U.S. crude oil production exceeded the Russian Ministry of Energy’s estimated August production of 11.2 million b/d, making the United States the leading crude oil producer in the world.
It would be recalled that recently, the U.S president, Donald Trump had called out OPEC to increase market supplies, however, OPEC had maintained its Declaration of Cooperation, DoC pact however with a slight increase. However, the U.S appears to be flooding the market to break OPEC’s monopoly.
In October, OPEC increased oil production to the highest level since 2016 to a level before the DoC was enacted, according to a recent Reuters survey. The highest output was from Saudi Arabia and the UAE.
There was also a rebound from Libya although the country is not part of the OPEC production cuts. The 15 countries in OPEC produced an average 33.31 million barrels per day in October, the highest since December 2016. That was also up 390,000 bpd from September.
In the U.S, monthly crude oil production reached a record high in several states. Texas had the highest record level at 4.6 million b/d, followed by North Dakota at 1.3 million b/d. Other states that had record-high production levels were New Mexico, Oklahoma, Colorado, and West Virginia. Production in the Federal Offshore Gulf of Mexico also hit a record high of 1.9 million b/d.
The Permian region, which is located in western Texas and eastern New Mexico, accounts for about 63% of total Texas crude oil production and 95% of total New Mexico crude oil production. From January 2018 to August 2018, Texas crude oil production increased by 683,000 b/d (15%) and New Mexico production increased by 182,000 b/d (25%).
The growth in Texas and New Mexico since the start of 2018 surpassed EIA’s previous expectations, which assumed that pipeline capacity constraints in the Permian region would dampen production growth in response to the increased differential between the West Texas Intermediate (WTI) crude oil price at Cushing, Oklahoma, and the WTI price at Midland, Texas.
In August 2018, this differential had grown to more than $16 per barrel (b), up from $0.43/b in January. However, industry efficiencies in pipeline utilization and increased trucking and rail transport in the region have allowed crude oil production to continue to grow at a higher rate than EIA expected.
From May through August, production in the Gulf of Mexico grew by an average of 130,000 b/d every month, a significant increase from the growth rate in the first four months of the year.
This increase was primarily the result of a number of fields returning to full production after several months of maintenance and other infrastructure issues that arose from Hurricanes Harvey and Nate in 2017.

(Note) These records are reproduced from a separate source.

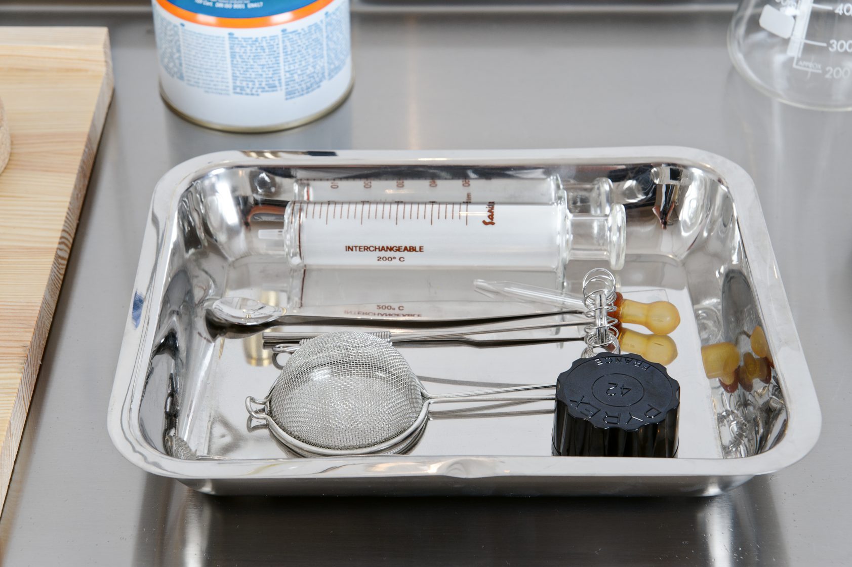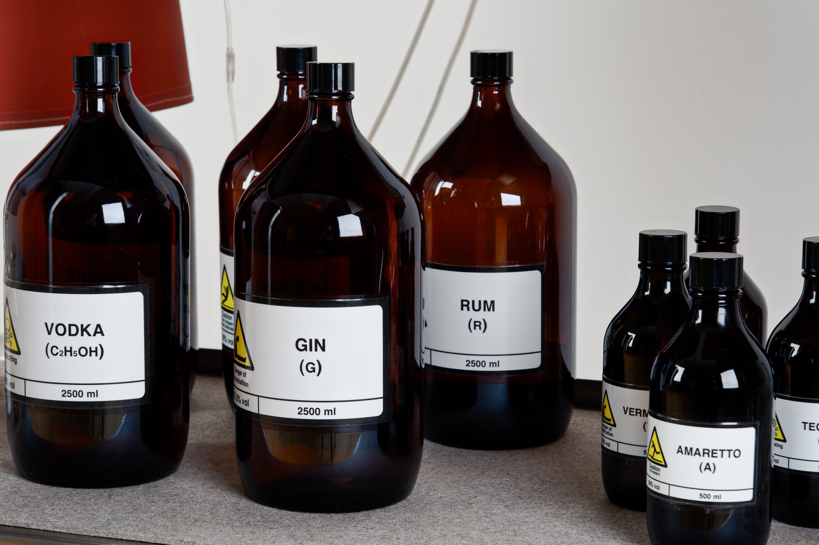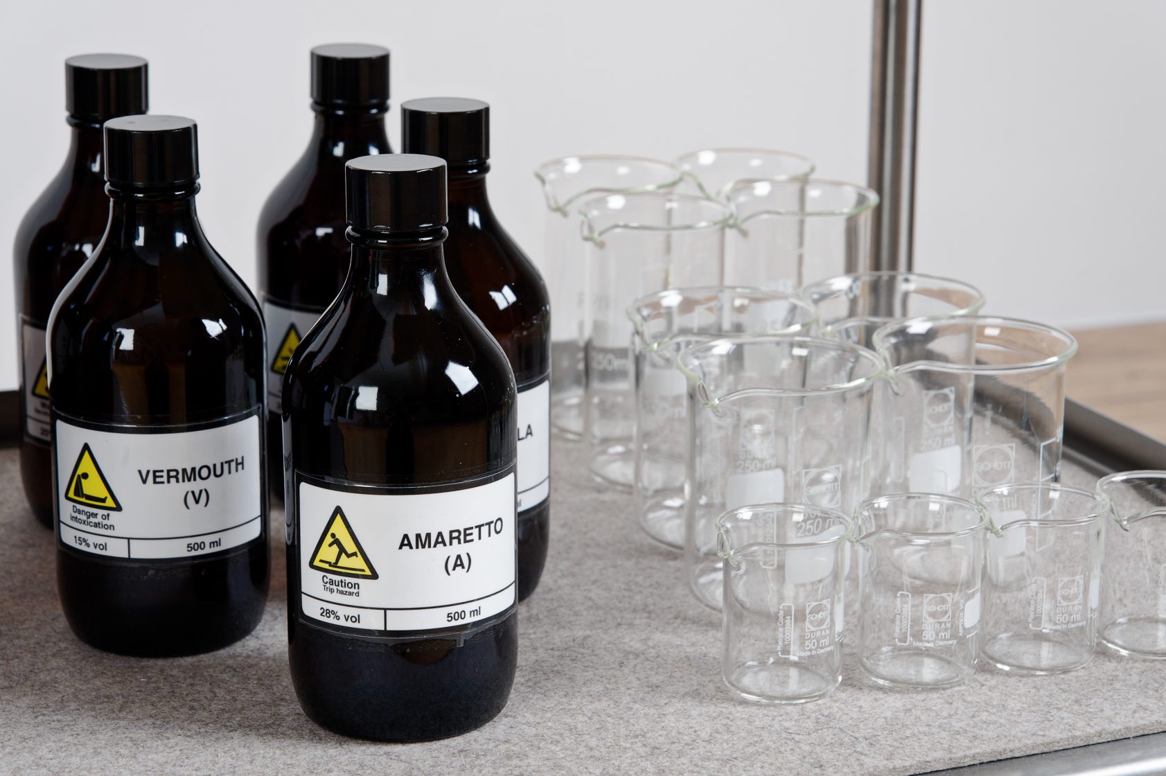 A playful and ironic homage to the art of cocktail making, this portable bar turns the process into a scientific pursuit, with custom-designed labels, a breathalyser, a Bunsen burner, latex gloves, a scalpel for dissecting fruit and measuring flasks to ensure absolute accuracy. Intoxi-lab was made for the event ‘Paint Me a Drink‘ at 20 Hoxton Square, showcasing established and emerging artists, with original commissioned artwork inspired by a particular drink or cocktail of their choice.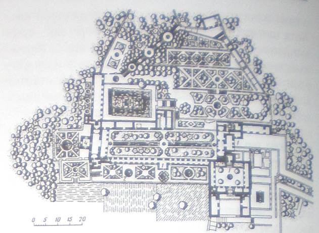 Строительный материал. Уделялось большое внимание мощению, оно было двуцветным, организовано речной или морской галькой. Использовалась майолика - цветные изразцы - ею выкладывались дно и края водоемов, облицовывались подпорные стенки и скамьи. Основные цвета – голубой, зеленый, желтый.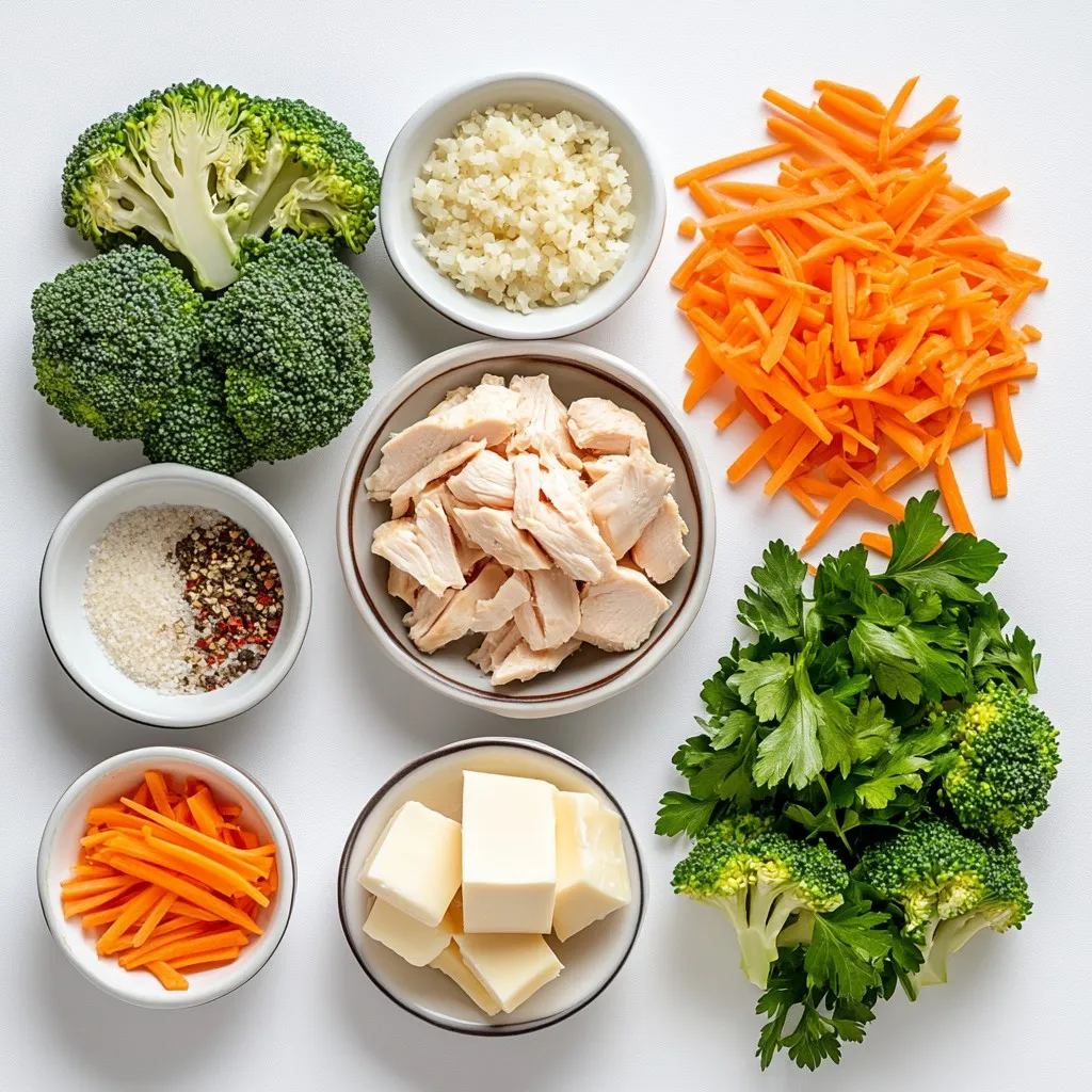 In a large bowl, combine the cooked chicken with cauliflower rice, steamed broccoli, shredded carrots, and chicken broth. Make sure to mix everything well. This helps all the flavors blend together. Then, gently fold in the softened cream cheese. This will add a creamy texture to your dish.

U.S. crude oil production has increased significantly during the past ten years, driven mainly by production from tight oil formations using horizontal drilling and hydraulic fracturing. EIA estimates of crude oil production from tight formations in August 2018 reached 6.2 million b/d, or 55% of the national total.

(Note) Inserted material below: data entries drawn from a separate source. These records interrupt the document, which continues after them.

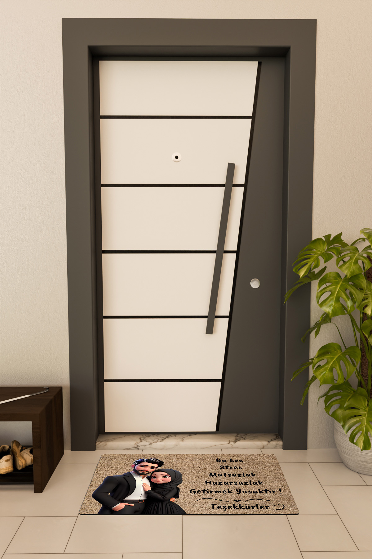 Yüksek Kaliteli Dijital Baskı Kahverengi, Siyah Türbanlı Çift, Bu eve temalı Kapı Önü Paspası Yüksek Kaliteli Dijital Baskı Kahverengi, Siyah Türbanlı Çift, Bu eve temalı Kapı Önü Paspası D8269 70 x 45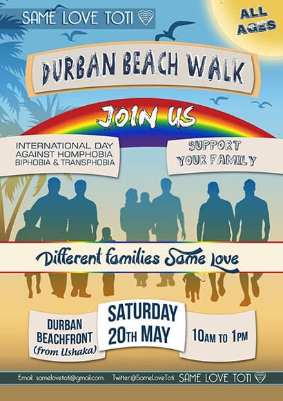 In Durban, a Beach Walk organised by the Same Love Toti Support Group will mark the International Day Against Homophobia and Transphobia (IDAHOT), which was commemorated on May 17.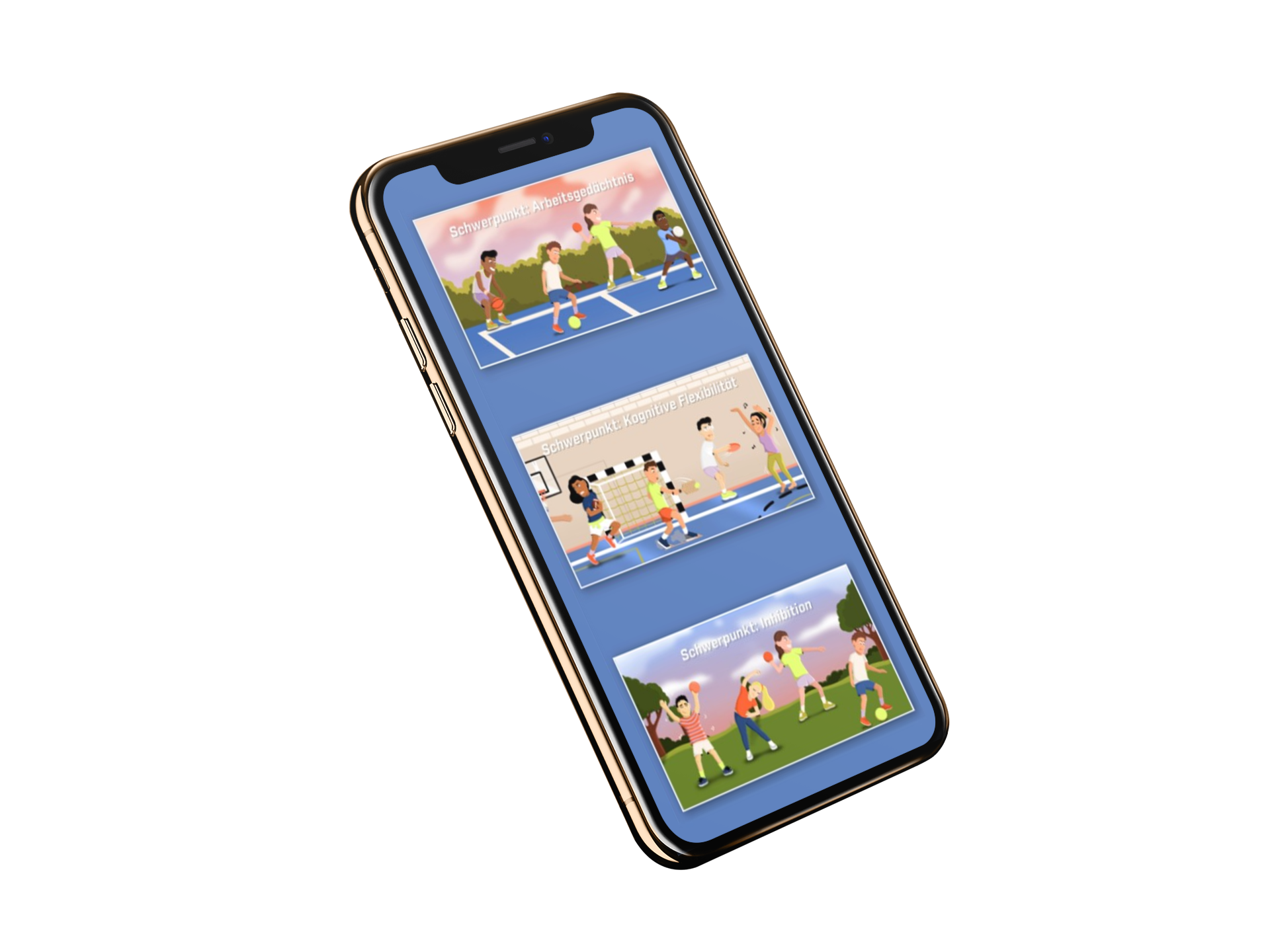 Durch gezielte Spiel- und Übungsformen können neben der Bewegung an sich auch geistige Prozesse, die das Verhalten, die Aufmerksamkeit und die Gefühle steuern, gefördert werden. Diese geistigen Prozesse werden in der Neurowissenschaft als exekutive Funktionen bezeichnet. Erfahre mehr im kurzen Informationsvideo.

WTI-Cushing spot prices averaged about $68/b in August, down from the July average of $71/b. EIA’s Short-Term Energy Outlook forecasts the average spot price for WTI to remain near that level in the fourth quarter of 2018.
The higher crude oil prices at the end of 2018 and throughout 2019 will likely support increased U.S. crude oil production. EIA forecasts U.S. crude oil production to increase by 1.0 million b/d in 2019.
With this new record from the U.S, OPEC’s Secretary-General, Mohammad Barkindo still maintains the group has become an “indispensable organ of stability” in the oil market, continuously breaking new frontiers and establishing energy dialogues with the EU, Russia, China, India and the US”- one wonders where the dialogue is between OPEC and U.S at this point.
From all indices, if care is not taken on the part of OPEC, the U.S might soon take over the group’s strongest point of market supply and price control.